My biggest regret in reintroducing cheese was I tried to make queso from real cheese.  I love queso, and make it for parties and potlucks pretty regularly.  It’s a fan favorite, but there is nothing natural about it–it’s Velveeta.  There’s a recipe I found that said it was just as good as the fake cheese queso, and holy crap, was that a lie!  I made a pretty small batch, and ended up throwing out about half of it (if you know me, this will be a shocking statement).  I would have been better to just not make real cheese queso.

My skin, however, did break out again over the weekend and into the week, and after my dairy binge, I was pretty bloated.  However, it took a few days to be bloated, so as long as I don’t have a ton of dairy consistently, I think I’ll be fine.

Verdict: Makes me bloated after several days, possibly causes acne breakouts, never use that real cheese queso recipe again


This was the one I was dreading the most in my Whole30 reintroduction, because it has the highest stakes.  Bread and pasta are my comfort foods.  I like starting out my day with oatmeal.  More critically, how can I eat cake without gluten???

Unfortunately, this was the one with the almost immediate reaction.  My midsection wasn’t just bloated after eating four slices of bread, it was distended.  It looked like I was 6-7 months pregnant when I looked in the mirror a few hours after eating.  When I poked at it, it was hard.  It was a little freaky.

But my reaction was much worse than just being extremely bloated.  After herniating a disc in my neck last year, I constantly felt at a minimum a dull ache.  During Whole30, I realized I was having days without pain.  It was great!  But then, after reintroducing gluten, my neck became very irritated.  It didn’t start getting better until a couple days after I stopped eating gluten.
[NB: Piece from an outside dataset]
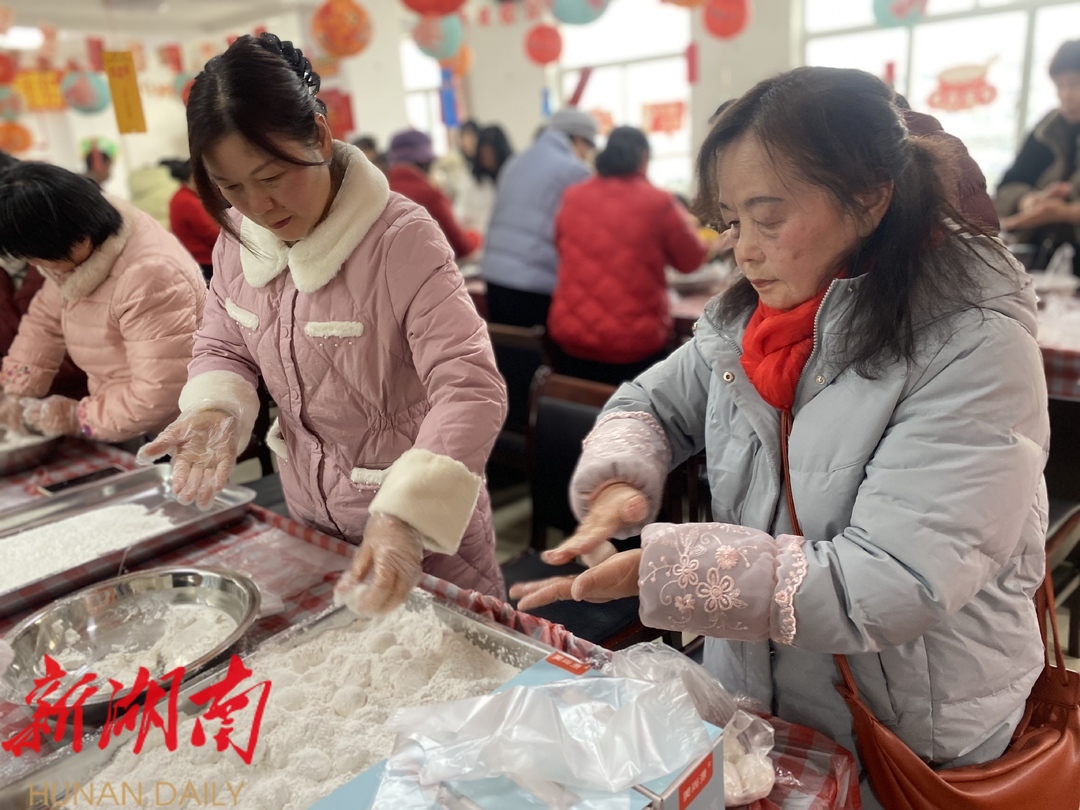 在制作汤圆的区域,居民们在工作人员的指导下,亲手制作出一粒粒圆润饱满的汤圆。大家一边制作,一边交流着元宵节的传统习俗,氛围温馨融洽。看着自己的劳动成果,居民们脸上洋溢着幸福的笑容。

I have to admit, I was a big skeptic about gluten sensitivities.  Before all of this, I did believe that Celiac Disease was a real and awful condition, but everyone who claimed gluten sensitivity but didn’t have Celiac really just wanted to lose weight.  I had lived my life eating gluten nonstop, and I’ve tested negative for a gluten allergy, so I was fine with gluten, I reckoned.  This experience has made me really think that there might be something to all the gluten sensitivity talk, and I don’t think I’ll be as dismissive and, well, condescending as I was before.  The science doesn’t really support gluten causing inflammation, with some more controlled studies pointing to FODMAPs instead.  But, I’m willing to experiment on myself more by cutting it out and seeing how I feel–after I eat 10 sheet cakes.

Verdict: Correlation with inflamed joints.  Try to cut out gluten, and see if problem persists.

Was An Extended Whole30 Reintroduction Period Worth It?


Anyone can have an off day.  The reintroduction plan laid out by the Hartwigs is the right idea, but I really think you need more days where you reintroduce foods after Whole30.  Some reactions may not be immediate, some might be only apparent after longer-term consumption.

Yes, it’s a bummer to do that much more Whole30, but wouldn’t it be worse to struggle through Whole30 and then not know for sure if you really had a reaction to a certain food, or if it was just an off day?  Don’t you want to know what the effects of eating something for a longer time does to you?  After all, if you think that a food doesn’t cause any bad reactions, you’ll be reintroducing it for a long time.

I would have hated to think that all the foods had no reaction on my body, reintroduce them all, and immediately start to feel lousy.  Not taking the time to give my body more time to readjust to the foods is something I would have regretted forever.  I don’t want to do Whole30 again–I’m playing for keeps here!

If you’ve gone through the Whole30 reintroduction period, what have you found?